To create, edit, or disable a table service, visit the 'Optimizations Tab' on the Table Details page.
Trigger Mode
For all the table services, we offer Automatic
and On Demand
trigger modes.
- Automatic mode will run the service (Clustering, Compaction and Cleaning) automatically based on the configured commit frequency. For MetaSync, the service will run automatically for each commit in the table.
- On Demand mode will allow you to manually trigger the service using the
RUN SERVICE IN TABLE
API orActions -> Trigger
button on the table service page.
Details about each table service and their settings are documented below:
Clustering
Clustering the table helps improve performance for reading data. Learn more about Clustering in the Hudi docs.
You can set the following Clustering configurations:
- Keys: Specify fields on which to cluster the data.

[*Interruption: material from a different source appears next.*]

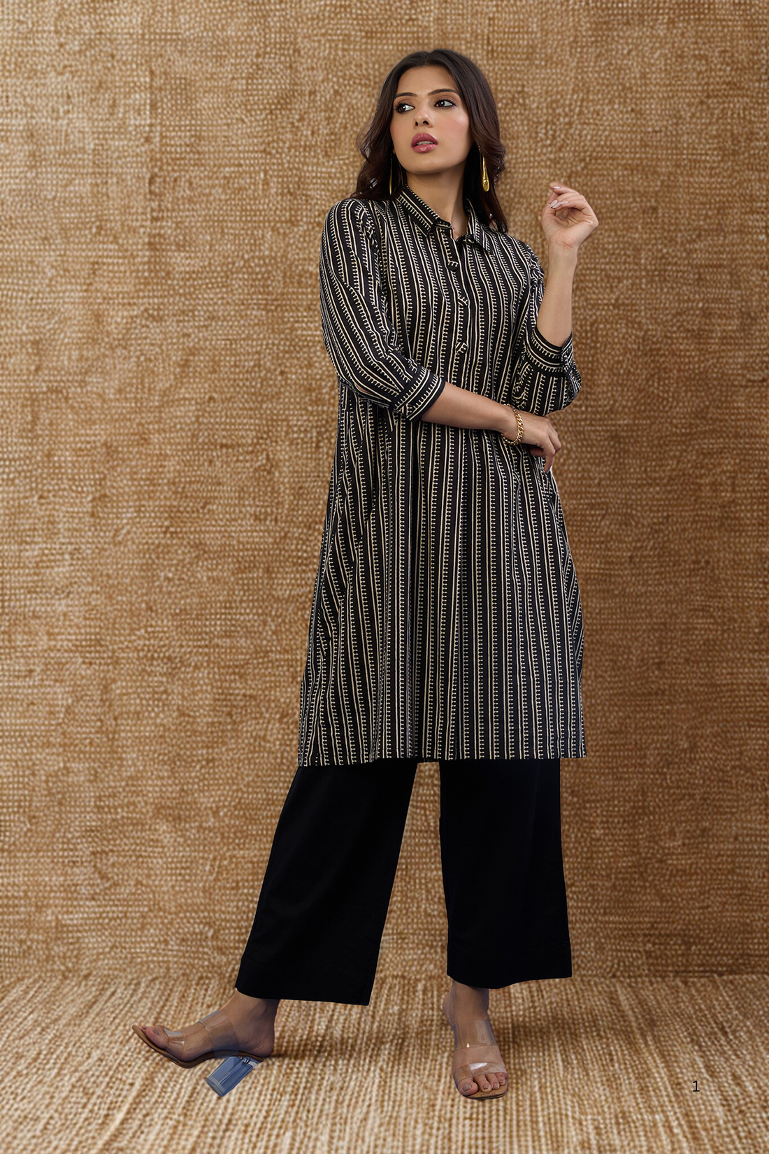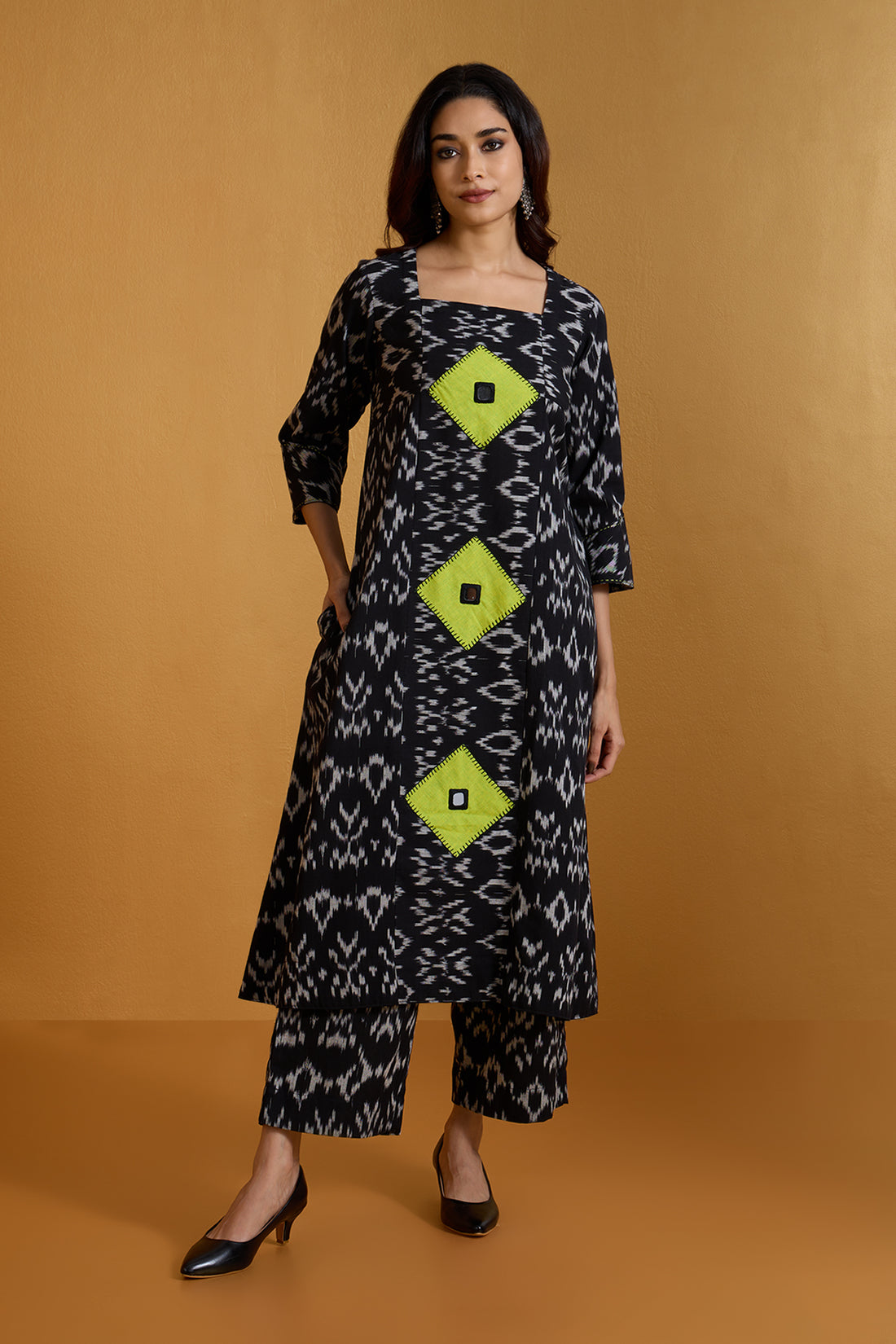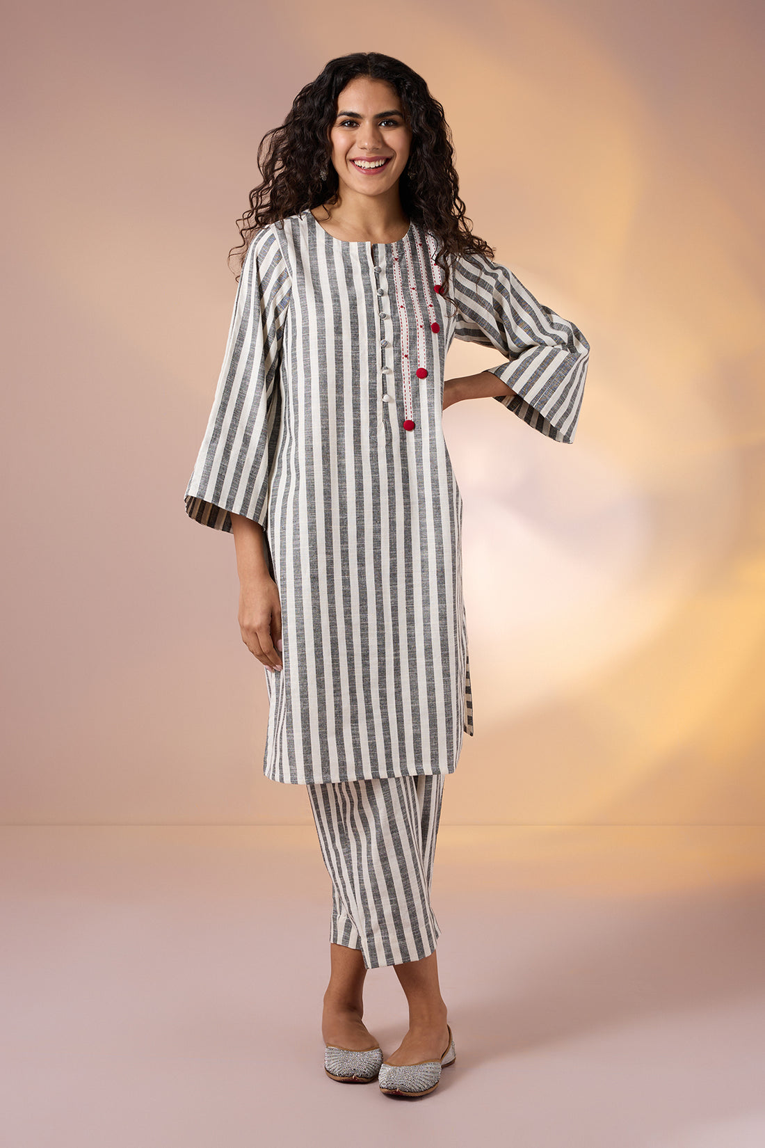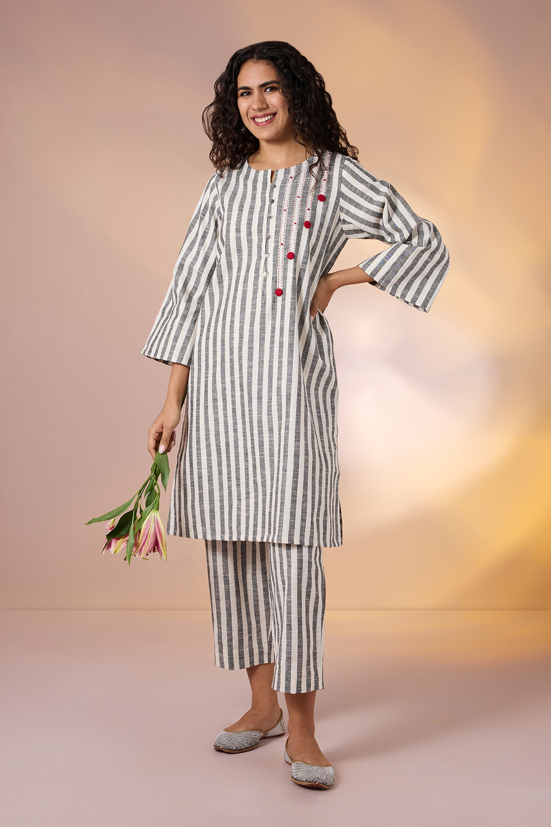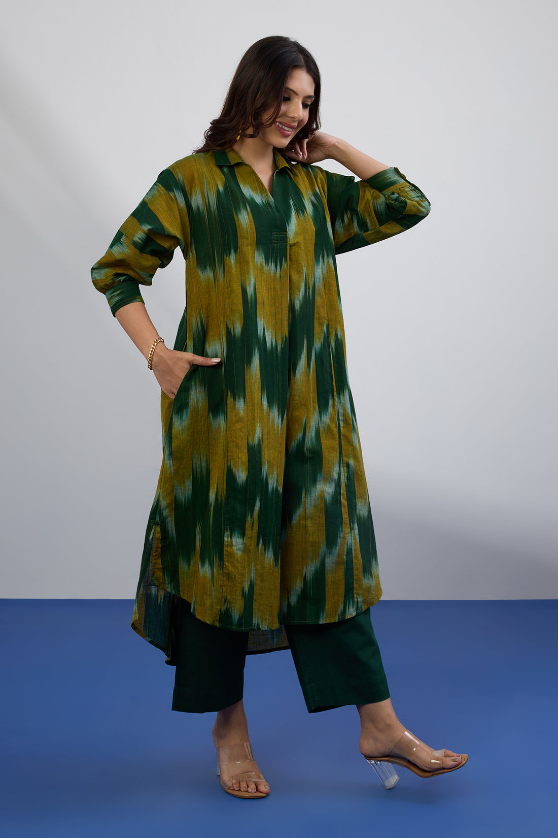 Co-ord Set Emerald Bar Cotton Collar Kurta & Pants
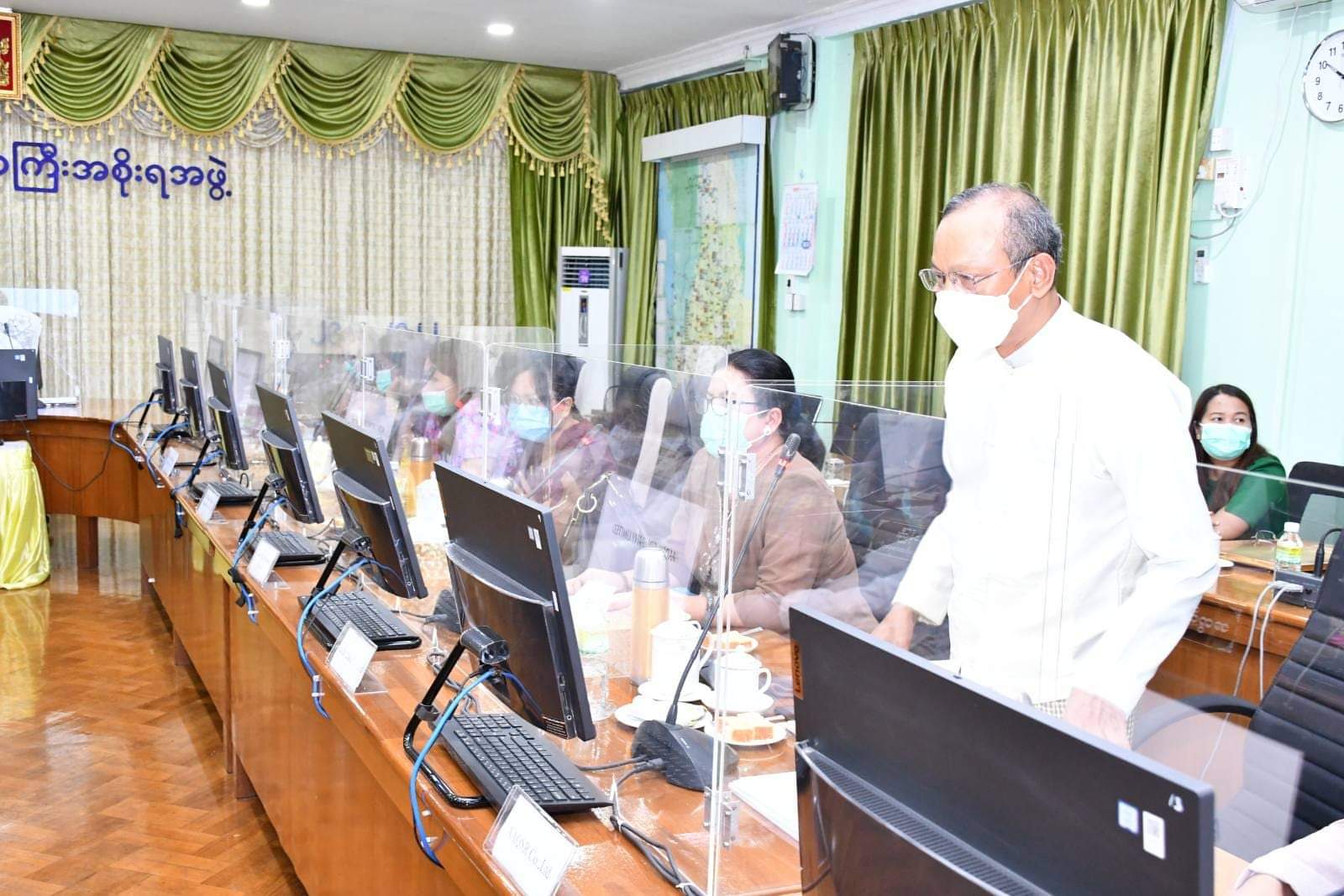 ယင်းနောက် တိုင်းဒေသကြီး ဝန်ကြီးချုပ်သည် ပုသိမ်ပြည်သူ့ဆေးရုံ ကိုးထပ်တိုးချဲ့ဆောင် ဆောက်လုပ်နေမှုအခြေအနေများအား သွားရောက်စစ်ဆေးခဲ့ရာ တာဝန်ရှိသူများက လုပ်ငန်းဆောင်ရွက်မှု အခြေအနေများအား ရှင်းလင်းတင်ပြခဲ့မှုအပေါ် တိုင်းဒေသကြီး ဝန်ကြီးချုပ်က သတ်မှတ်အရည်အသွေး စံချိန် စံညွှန်းများပြည့်မီရေး၊ လုပ်ငန်းခွင်အတွင်း အန္တရာယ်ကင်းရှင်းစေရေးနှင့် သတ်မှတ်ကာလများအတွင်း အချိန်မီပြီးစီးစေရေးတို့အား အလေးထားဆောင်ရွက်ကြရန် လမ်းညွှန်မှာကြားခဲ့ပြီး ဆေးရုံအတွင်းပတ်လမ်းခင်းခြင်းလုပ်ငန်းဆောင်ရွက်နေမှု၊ waste water Treatment ကန်ပြုလုပ်နေမှု၊ လူနာခန်းရှိToiletတွင်းလက်ကိုင်တန်းတပ်ဆင်ထားမှုနှင့် view pointတွင်compositeပြားများတပ်ဆင်ပြီးစီးမှုများကို လှည့်လည်ကြည့်ရှုစစ်ဆေးခဲ့ကြောင်းသိရသည်။

- Layout strategy: Select the strategy to use for clustering. By default, we recommend choosing Linear. For details on different layout strategies, you can see the Hudi layout strategies blog.
- Frequency: Specify how frequently to run clustering. By default, we recommend clustering data every 4 commits. Keep in mind that clustering more frequently will use more compute.
Usage Notes
- The Clustering service optimizes target file sizes and data sorting across files to ensure better query performance.
- Enabling Clustering on a table with existing data will only cluster new data written after Clustering is enabled.
- Clustering runs incrementally on unclustered data to optimize write performance. The layout optimization (i.e. sorting) is applied to the data within each clustering operation. In each run, clustering rewrites a maximum number of bytes to avoid long-running jobs and keeps a backlog of the unclustered files that will be clustering in the subsequent rounds.
- When a file group is Clustered, it will no longer be part of the active table, as Clustering will rewrite the data as a new file group. The original (non-active) file group will remain in storage until it is deleted by the Cleaner service.
Compaction
Compaction is available and required for MERGE-ON-READ tables (see table details above). Compaction merges incoming data into the table, which enables efficient writes to the table. Learn more about Compaction in the Hudi docs.
You can set the following Compaction configurations:
- Frequency: Specify how frequently to run compaction. By default, we recommend compacting data every 4 commits. Keep in mind that compacting data more frequently will use more compute.
- Bytes per compaction: Specify how many bytes to compact in each compaction. By default, we recommend using 512GB (512,000MB) per compaction.
Cleaning
Cleaning helps you reclaim space and keep your storage costs in check by removing old data committed to the table. Onehouse retains old data committed to the table to support time travel queries.
You can set the following Cleaning configurations:
- Frequency: Specify how frequently to run cleaning. By default, we recommend cleaning data every 4 commits.
- Time travel retention: Specify the number of days to retain commit history. Increasing this number will allow you to time travel further back, but will use more storage.
Metadata Sync
Metadata Sync allows you to sync your table to one or more catalogs connected to Onehouse. This feature can be used to
- Register a table to any of the listed catalogs
- Translate an Apache Hudi table to an Apache Iceberg or a Delta Lake table.
- Additional features like adding custom database for Iceberg tables in Glue and customizing the table name suffix for Iceberg tables are available through the ALTER SERVICE IN TABLE API.